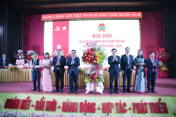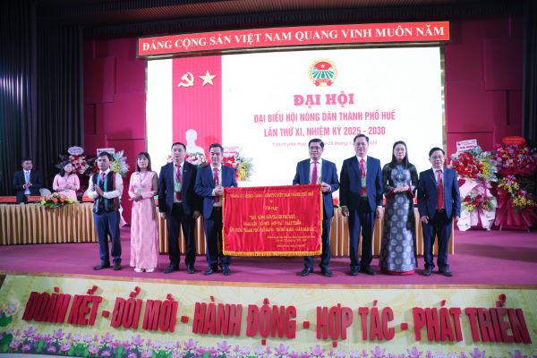 Dịp này, Thành ủy, HĐND, UBND, Mặt trận Tổ quốc Việt Nam thành phố Huế trao tặng Hội nông dân thành phố Huế cờ với dòng chữ "Hội Nông dân thành phố Huế Đoàn kết - đổi mới - hợp tác - phát triển xây dựng thành phố Huế xanh - thông minh - giàu bản sắc". (Ảnh trên)
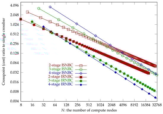 Referring to Figure 16, in a four-stage IRNBC network, the total number of crosspoints is , where is the number of crosspoints in a three-stage IRNBC network, as derived above. There are compute nodes. A single crossbar requires crosspoints. The crosspoint ratio of a four-stage IRNBC network relative to a single crossbar is .
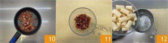Toast it on medium heat until it becomes crispy 10, then set it aside 11. As soon as the water boils, cook the paccheri 12.
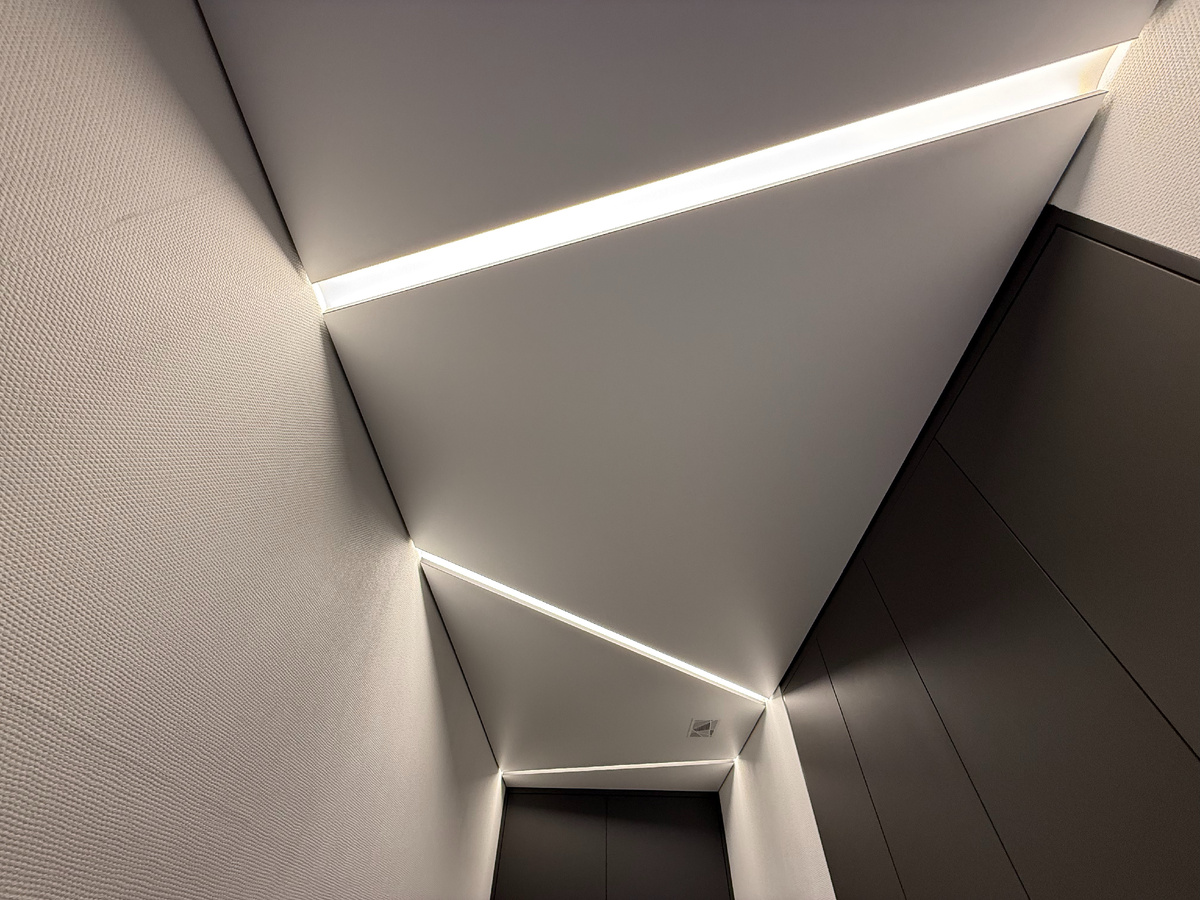 Натяжные потолки — это особая конструкция, представляющая собой полотно из специальной плёнки или ткани, натянутое на металлический или пластиковый каркас. Каркас крепится к стене или потолку, образуя идеальную плоскость, скрывающую любые неровности базового перекрытия.

■ **Aim of the exercise**:
Without the pictures, repeat the line with "Toast it on" and every line after it to the end of the listing, and nothing else.

■ **Solution to this problem**:
Toast it on medium heat until it becomes crispy 10, then set it aside 11. As soon as the water boils, cook the paccheri 12.
 Натяжные потолки — это особая конструкция, представляющая собой полотно из специальной плёнки или ткани, натянутое на металлический или пластиковый каркас. Каркас крепится к стене или потолку, образуя идеальную плоскость, скрывающую любые неровности базового перекрытия.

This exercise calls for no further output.